▶ [How to complete this task] In the answer, each line from the top of the material through the line that contains "BLACKPINK油管粉丝数2016 vs 2026p1" is restated exactly. No picture is given again.

▶ [Dataset extract]
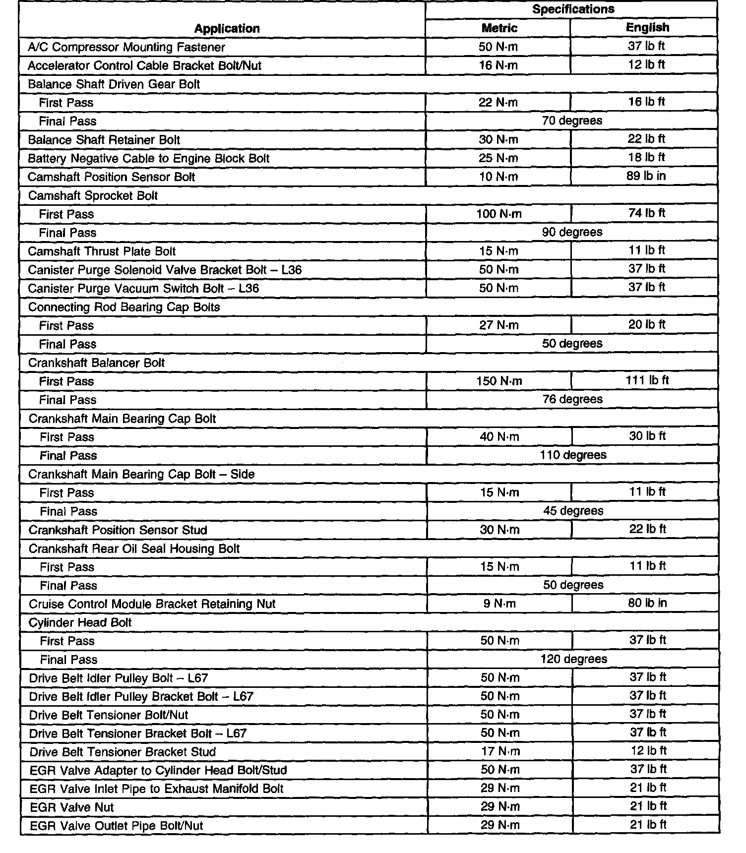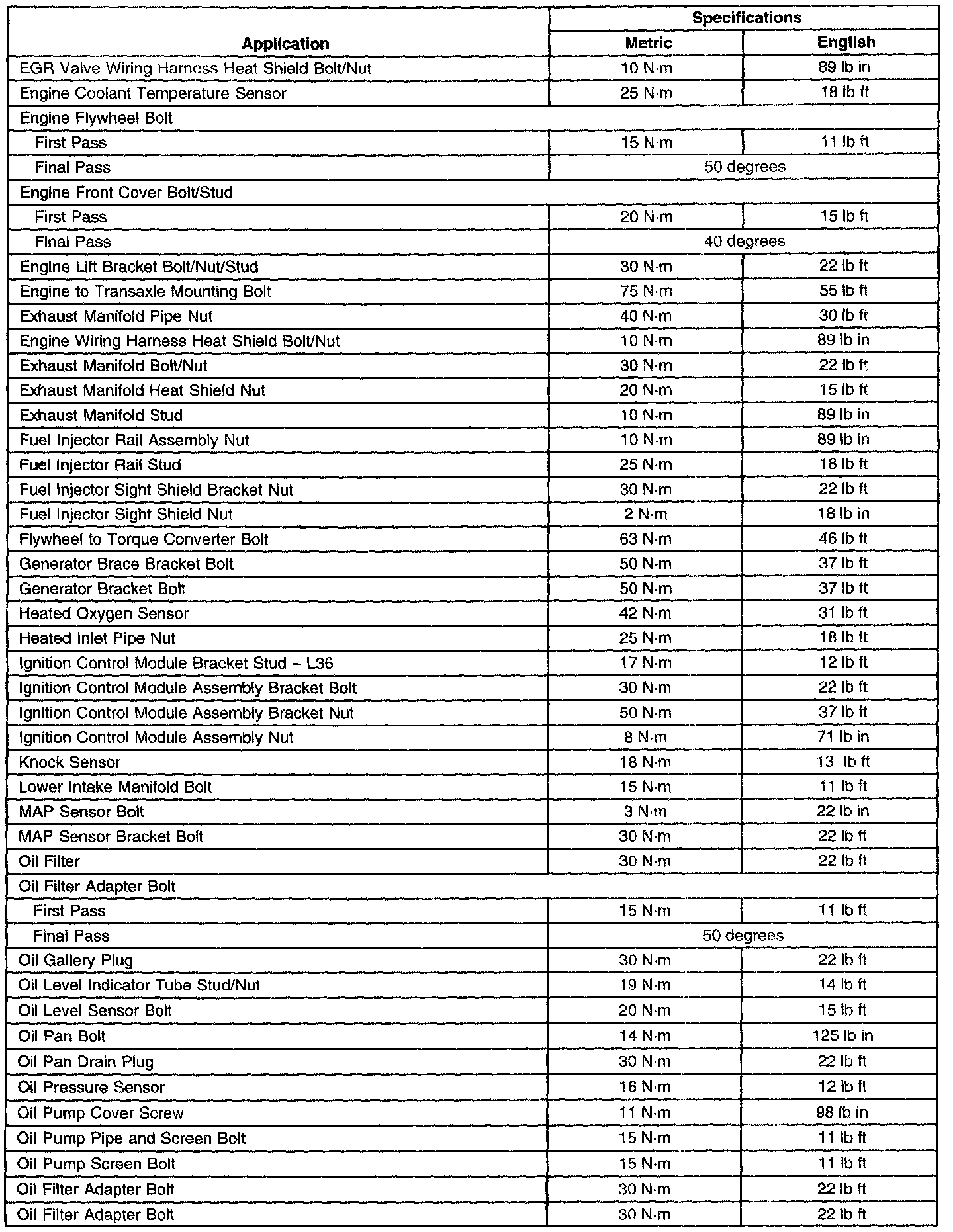 Fastener Tightening Specifications
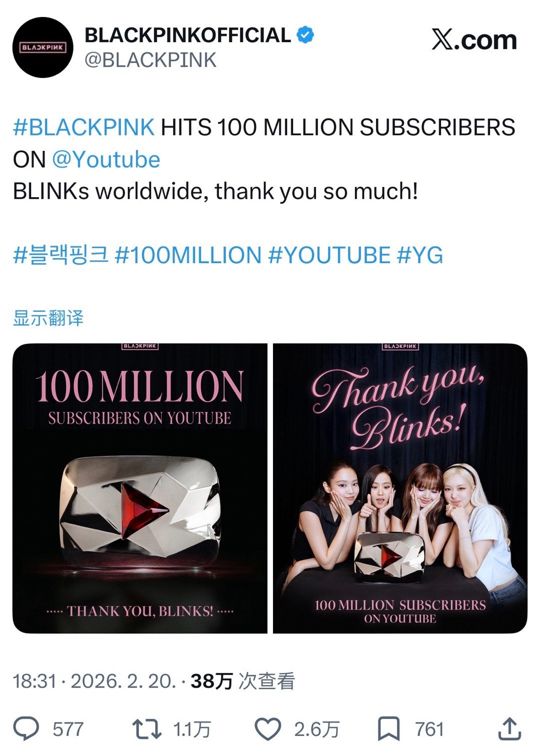 BLACKPINK油管粉丝数2016 vs 2026p1 2016/6/29 开通账号p2 2016/9/12 达成100万关注p3 2018/7/25 达成1000万关注p4-6 今天达成1亿关注(全球艺人中史上最初)👏总视频数648个总播放量411亿次
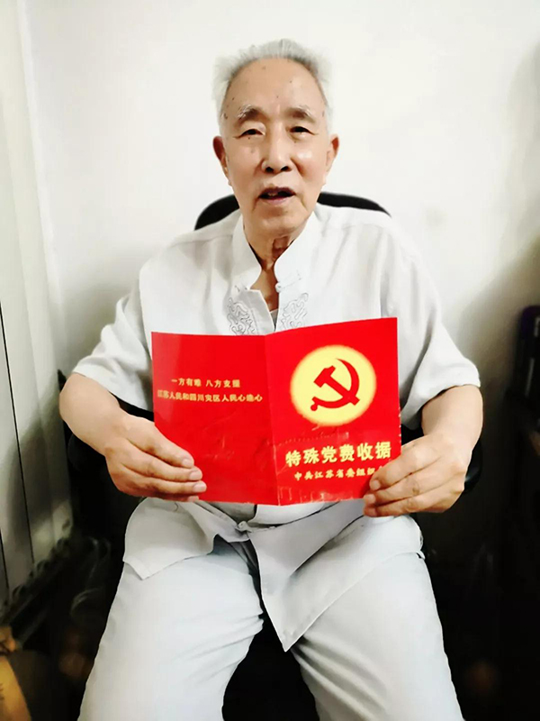 聽說徐州市一院正在籌建院史館,岳老拿出了他珍藏多年的江蘇省委組織部頒發(fā)的“特殊黨費(fèi)收據(jù)”:收據(jù)正面主體是黨旗黨徽,底紋是中華民族不屈的長城,左上印著“一方有難八方支援”的抗震救災(zāi)口號和“江蘇人民和四川災(zāi)區(qū)人民心連心”的美好心愿,蘊(yùn)含著深刻的紀(jì)念意義。作為一名離休黨員,岳老自愿繳納“特殊黨費(fèi)”支援抗震救災(zāi),真誠奉獻(xiàn)愛心,以實(shí)際行動堅(jiān)守初心,勇?lián)姑,永葆本色?/p>

▶ [Answer section]
 Fastener Tightening Specifications
 BLACKPINK油管粉丝数2016 vs 2026p1 2016/6/29 开通账号p2 2016/9/12 达成100万关注p3 2018/7/25 达成1000万关注p4-6 今天达成1亿关注(全球艺人中史上最初)👏总视频数648个总播放量411亿次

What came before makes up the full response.